The restaurants range from a solid steakhouse to a buffet that locals actually eat at, which tells you something. BR Prime does a bone-in ribeye that's better than it needs to be for a casino restaurant. But the move, honestly, is to walk east on Beach Boulevard about ten minutes to Mary Mahoney's Old French House, a restaurant operating out of an 1737 building where the gumbo has been the same recipe for decades and the courtyard has a live oak that predates the United States. Order the stuffed flounder and a Barq's — Barq's root beer started in Biloxi, a fact that locals will tell you whether you ask or not.

The shrimp boats drag their lights across the water at night like slow-moving constellations — that's the show no casino floor can compete with.

The pool is fine. The spa is fine. The golf course exists. None of this is why you'd come here. You'd come here because Biloxi is a strange, stubborn little city that rebuilt itself after Katrina with a mixture of casino money and pure Gulf Coast spite, and the Beau Rivage — which was itself gutted by the storm and reopened less than a year later — is the most comfortable place to sleep while you figure out what that means. The hotel's own history with the hurricane is visible if you look: the rebuilt seawall, the reinforced lower floors, the way the landscaping is designed to survive wind. Nobody mentions it. It's just there.
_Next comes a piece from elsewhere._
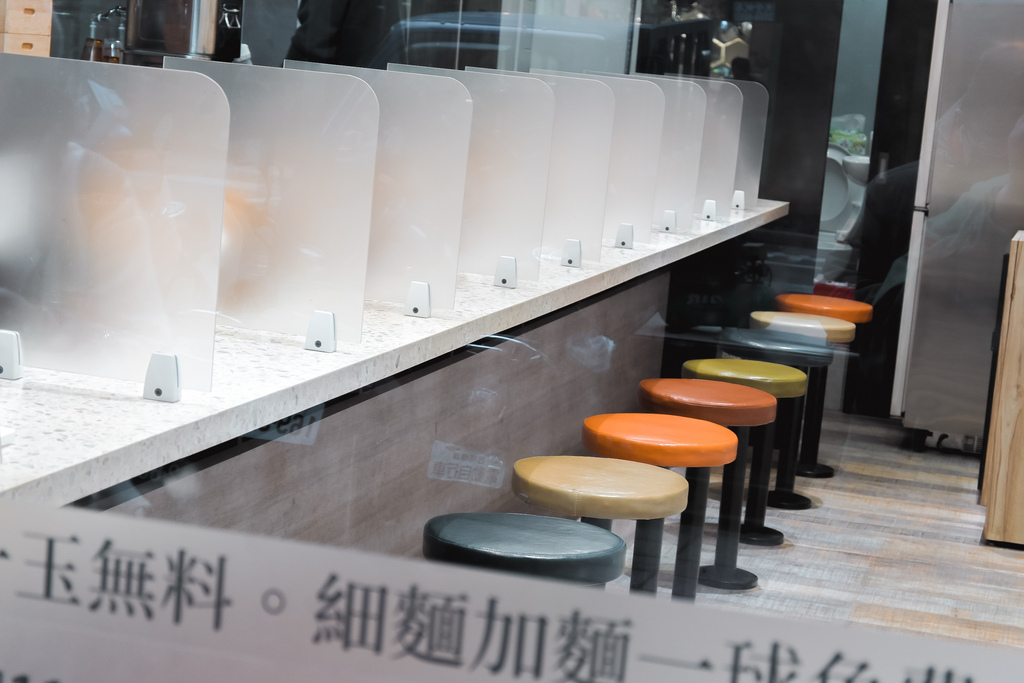 防疫期間用隔板隔開一人一席座位,牆上可以掛厚重外套,座位座起來我覺得是舒適的。點餐使用點餐機,可利用街口支付、現金。當日碰到的菜色是以雞白湯、雞清湯為主柳麵在細分口味,當日限定菜色陳皮麻婆豆腐、七味牡蠣佃煮、奶油味噌牡蠣佃煮等,還有加點項目可選擇。

One honest note: the walls between rooms are not thick. I could hear my neighbor's television — sounded like a game show, possibly The Price Is Right, which felt appropriate given the setting. And the elevator situation during checkout hours on a Sunday morning requires patience and a willingness to stand very close to strangers who've been up all night at the blackjack tables. There's a particular cologne that hangs in those elevator cars. You'll know it.

Walking out into the morning

Leaving in the morning is different from arriving at night. Beach Boulevard is quieter, the casinos less insistent. A guy in rubber boots is hosing down the sidewalk outside a souvenir shop. The Gulf is gray-green now, not bronze, and a line of brown pelicans is working the surf in formation. Across the road, the sand beach that the Army Corps of Engineers trucked in after the storm stretches white and wide and mostly empty. If you're heading east toward Mobile, stop at Shed BBQ in Ocean Springs — it's twenty minutes and worth every one of them. If you're heading west toward New Orleans, the drive along Highway 90 through Bay St. Louis is the kind of coastal road that makes you roll the windows down even when the AC is on.

Rooms at the Beau Rivage start around $129 on weeknights and climb toward $300 on weekends, which buys you a Gulf-view king, access to the beach and pool, and the particular pleasure of falling asleep to the sound of water instead of slot machines — assuming you made it out of the casino.